Experimental work was conducted to obtain the adsorption isotherms of safflower seed using a semi static gravimetric method at 25, 40, and 60 °C over a water activity range from 0.11 to 0.94. Fourteen isotherm equations and multilayer artificial neural network approach were employed to analyze the experimental data. In order to evaluate the goodness of fit of each model determination coefficient, Chi Square and root mean square error were used. The Peleg (at 25 and 40 °C) and Osvin (at 60 °C) models were selected to best describe the sorption isotherms of safflower seed. Accordingly, the results showed that the predicted values of ANN model were more accurate than those predicted by nonlinear regression method. The adsorption monolayer moisture content was also determined using Brunauer, Emmett and Teller equation.

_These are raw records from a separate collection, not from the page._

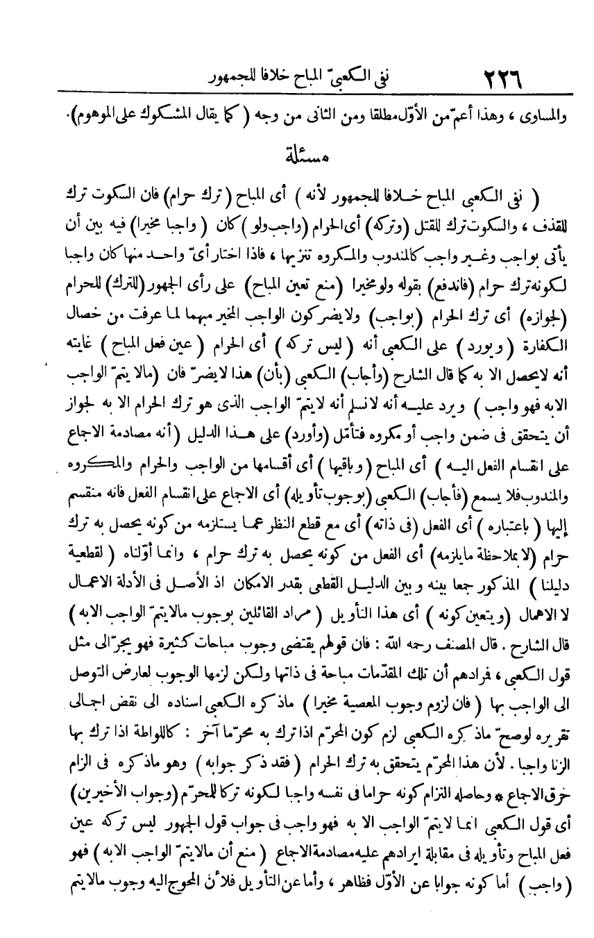 (نفي الكعبي الْمُبَاح خلافًا لِلْجُمْهُورِ لِأَنَّهُ) أَي الْمُبَاح (ترك حرَام) فَإِن السُّكُوت ترك للقذف، وَالسُّكُوت ترك للْقَتْل (وَتَركه) أَي الْحَرَام (وَاجِب وَلَو) كَانَ (وَاجِبا مُخَيّرا) فِيهِ بَين أَن يَأْتِي بِوَاجِب وَغير وَاجِب كالمندوب وَالْمَكْرُوه تَنْزِيها، فَإِذا اخْتَار أَي وَاحِد مِنْهَا كَانَ وَاجِبا لكَونه ترك حرَام (فَانْدفع) بقوله وَلَو مُخَيّرا (منع تعين الْمُبَاح) على رَأْي الْجُمْهُور (للترك) لِلْحَرَامِ (لجوازه) أَي ترك الْحَرَام (بِوَاجِب) وَلَا يضر كَون الْوَاجِب الْمُخَير مُبْهما لما عرفت من خِصَال الْكَفَّارَة (ويورد) على الكعبي أَنه (لَيْسَ تَركه) أَي الْحَرَام (عين فعل الْمُبَاح) غَايَته أَنه لَا يحصل إِلَّا بِهِ كَمَا قَالَ الشَّارِح (وَأجَاب) الكعبي (بِأَن) هَذَا لَا يضر فَإِن (مَا لَا يتم الْوَاجِب إِلَّا بِهِ فَهُوَ وَاجِب) وَيرد عَلَيْهِ أَنه لَا نسلم أَنه لَا يتم الْوَاجِب الَّذِي هُوَ ترك الْحَرَام إِلَّا بِهِ لجَوَاز أَن يتَحَقَّق فِي ضمن وَاجِب أَو مَكْرُوه فَتَأمل (وَأورد) على هَذَا الدَّلِيل (أَنه مصادمة الْإِجْمَاع على انقسام الْفِعْل إِلَيْهِ) أَي الْمُبَاح (وباقيها) أَي أقسامها من الْوَاجِب وَالْحرَام وَالْمَكْرُوه وَالْمَنْدُوب فَلَا يسمع (فَأجَاب) الكعبي (بِوُجُوب تَأْوِيله) أَي الْإِجْمَاع على انقسام الْفِعْل فَإِنَّهُ منقسم إِلَيْهَا (بِاعْتِبَارِهِ) أَي انفعل (فِي ذَاته) أَي مَعَ قطع النّظر عَمَّا يستلزمه من كَونه يحصل بِهِ ترك حرَام (لَا بملاحظة مَا يلْزمه) أَي الْفِعْل من كَونه يحصل بِهِ ترك حرَام، وَإِنَّمَا أوّلناه (لقطعية دليلنا) الْمَذْكُور جمعا بَينه وَبَين الدَّلِيل الْقطعِي بِقدر الْإِمْكَان إِذْ الأَصْل فِي الْأَدِلَّة الْأَعْمَال لَا الإهمال (وَيتَعَيَّن كَونه) أَي هَذَا التَّأْوِيل (مُرَاد الْقَائِلين بِوُجُوب مَا لَا يتم الْوَاجِب إِلَّا بِهِ) قَالَ الشَّارِح: قَالَ المُصَنّف رَحمَه الله: فَإِن قَوْلهم يَقْتَضِي وجوب مباحثات كَثِيرَة فَهُوَ يجر إِلَى مثل قَول الكعبي، فمرادهم أَن تِلْكَ الْمُقدمَات مُبَاحَة فِي ذَاتهَا وَلَكِن لَزِمَهَا الْوُجُوب لعَارض التَّوَصُّل إِلَى الْوَاجِب بهَا (فَإِن لُزُوم وجوب الْمعْصِيَة مُخَيّرا) مَا ذكره الكعبي إِسْنَاده إِلَى نقض إجمالي تَقْرِيره لَو صَحَّ مَا ذكره الكعبي لزم كَون الْمحرم إِذا ترك بِهِ محرما آخر: كاللواطة إِذا ترك بهَا الزِّنَا وَاجِبا. لِأَن هَذَا الْمحرم يتَحَقَّق بِهِ ترك الْحَرَام (فقد ذكر جَوَابه) وَهُوَ مَا ذكره فِي إِلْزَام حرق الْإِجْمَاع وَحَاصِله الْتِزَام كَونه حَرَامًا فِي نَفسه وَاجِبا لكَونه تركا للْمحرمِ (وَجَوَاب الْأَخيرينِ) أَي قَول الكعبي إِنَّمَا لَا يتم الْوَاجِب إِلَّا بِهِ فَهُوَ وَاجِب فِي جَوَاب قَول الْجُمْهُور لَيْسَ تَركه عين فعل الْمُبَاح وتأويله فِي مُقَابلَة إيرادهم عَلَيْهِ مصادمة الْإِجْمَاع (منع أَن مَا لَا يتم الْوَاجِب إِلَّا بِهِ) فَهُوَ (وَاجِب) أما كَونه جَوَابا عَن الأول فَظَاهر، وَأما عَن التَّأْوِيل فَلِأَن المحوج إِلَيْهِ وجوب مَا لَا يتم
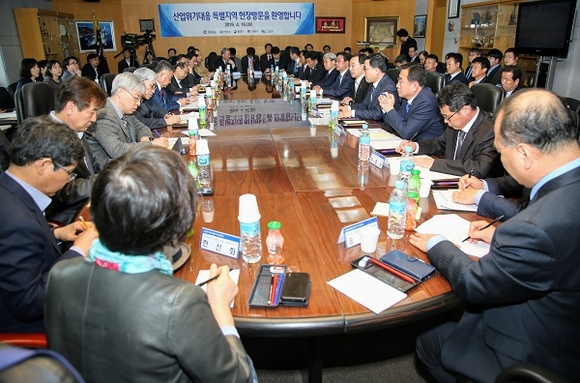 대통령직속 국가균형발전위원회가 16일 주력산업 침체로 어려움을 겪고 있는 '산업위기대응특별지역'인 경남을 방문해 현장간담회를 개최하고, 산업위기 조기 극복 방안을 모색했다.
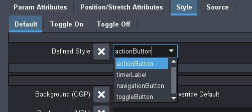 If you select the Style tab, you can choose a Defined Style for your button (or customize either the Toggle On/Off button state), as shown:
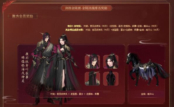 金陵城主福利【剑指金陵渡-决战】中胜利帮会的帮主,可将以下物品分配给本帮成员:【神品秘技:攻守兼备*2】、【金陵城主专属时装:苍龙御九州(永久)】
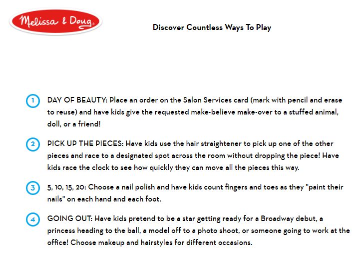- 18-piece wooden beauty salon makeup, hair, and nails pretend play set
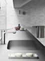 Lineare (Grohe), vysoká štíhlá baterie s povrchovou úpravou SuperSteel, technologie Grohe EcoJoy s průtokem vody 5,7 litru za sekundu, cena 15 350 Kč → www.grohe.cz
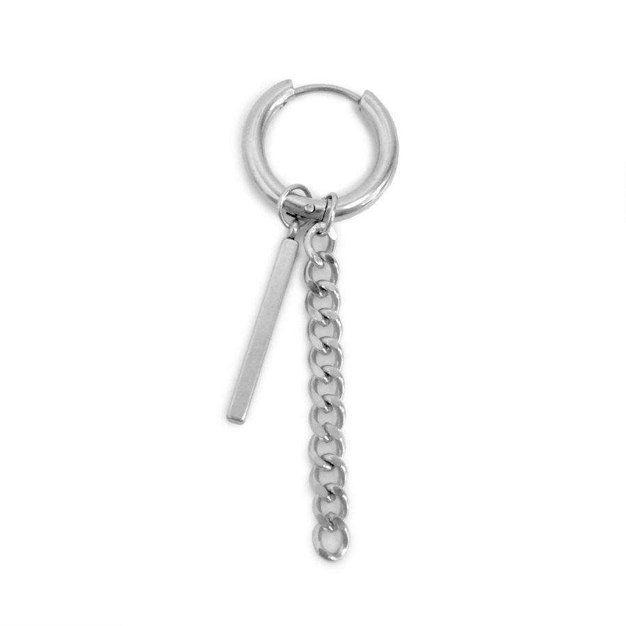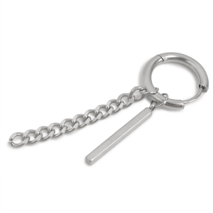片耳メタルバーチェーンステンレスピアス フープ シルバー

The monolayer moisture content values were 0.028, 0.024, and 0.022 gH2O/g solid at 25, 40, and 60 °C, and the corresponding constant values of the Brunauer, Emmett and Teller equation were found to be −13.029, −10.873, and −17.255, respectively. The safflower seeds heat of sorption values was also found. The heat of sorption values was large at low moisture content and decreased with an increase in the moisture content, whereas the magnitudes increase with increases in temperature and could be well adjusted by an exponential relationship. The experimental data revealed that enthalpy-entropy compensation theory was satisfactorily applicable to the moisture sorption behavior of the safflower seed.